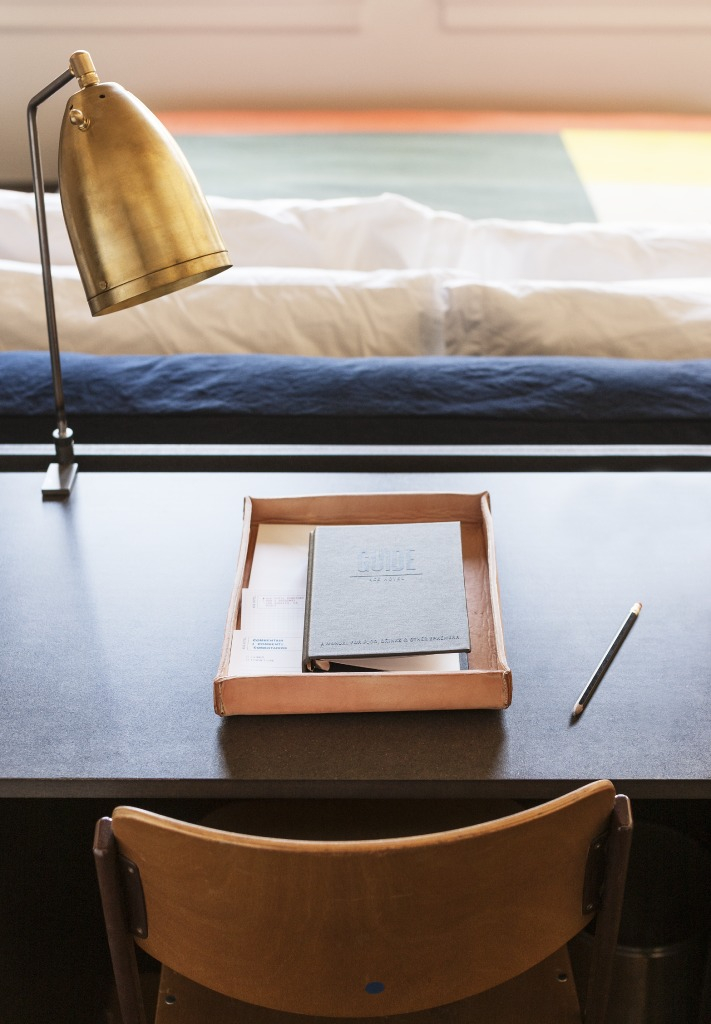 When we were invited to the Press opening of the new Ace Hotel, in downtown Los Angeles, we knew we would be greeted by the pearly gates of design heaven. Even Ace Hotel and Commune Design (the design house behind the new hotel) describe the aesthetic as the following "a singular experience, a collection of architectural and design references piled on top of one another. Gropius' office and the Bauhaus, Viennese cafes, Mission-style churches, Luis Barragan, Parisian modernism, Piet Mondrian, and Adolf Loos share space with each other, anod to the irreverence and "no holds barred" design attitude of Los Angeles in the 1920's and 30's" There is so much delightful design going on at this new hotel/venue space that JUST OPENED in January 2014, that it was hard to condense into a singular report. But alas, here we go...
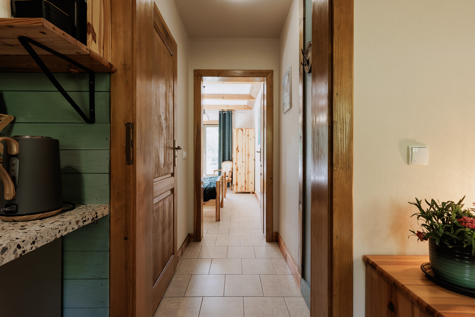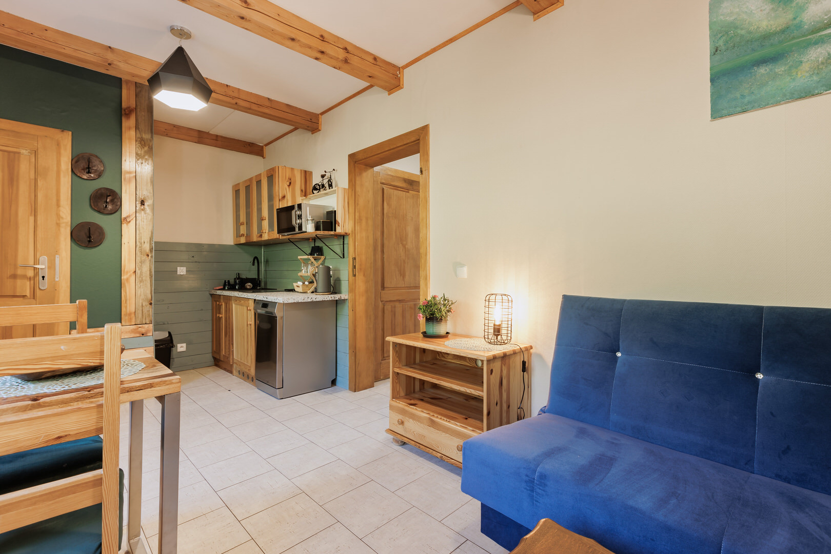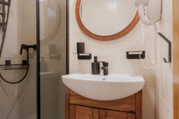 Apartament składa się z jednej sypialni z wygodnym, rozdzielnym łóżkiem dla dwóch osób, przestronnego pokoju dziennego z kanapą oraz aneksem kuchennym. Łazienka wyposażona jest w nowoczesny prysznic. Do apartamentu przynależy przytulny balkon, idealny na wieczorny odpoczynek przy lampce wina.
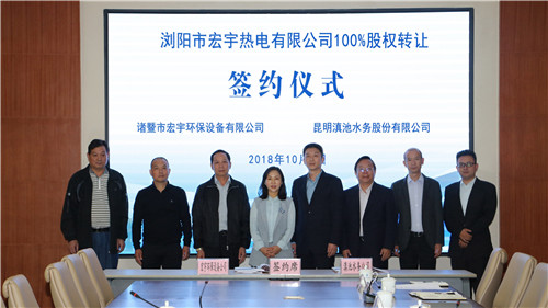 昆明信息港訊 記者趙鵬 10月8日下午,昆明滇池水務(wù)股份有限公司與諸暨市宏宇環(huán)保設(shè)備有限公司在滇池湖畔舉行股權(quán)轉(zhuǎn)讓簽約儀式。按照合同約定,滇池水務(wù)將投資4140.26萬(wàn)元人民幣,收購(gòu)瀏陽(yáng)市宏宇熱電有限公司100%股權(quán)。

------------------------------------

Exercise instructions -
Every line from the one containing "Apartament składa się" through the last line of the data is to be retyped exactly, with nothing added and no pictures included.

Reply -
 Apartament składa się z jednej sypialni z wygodnym, rozdzielnym łóżkiem dla dwóch osób, przestronnego pokoju dziennego z kanapą oraz aneksem kuchennym. Łazienka wyposażona jest w nowoczesny prysznic. Do apartamentu przynależy przytulny balkon, idealny na wieczorny odpoczynek przy lampce wina.
 昆明信息港訊 記者趙鵬 10月8日下午,昆明滇池水務(wù)股份有限公司與諸暨市宏宇環(huán)保設(shè)備有限公司在滇池湖畔舉行股權(quán)轉(zhuǎn)讓簽約儀式。按照合同約定,滇池水務(wù)將投資4140.26萬(wàn)元人民幣,收購(gòu)瀏陽(yáng)市宏宇熱電有限公司100%股權(quán)。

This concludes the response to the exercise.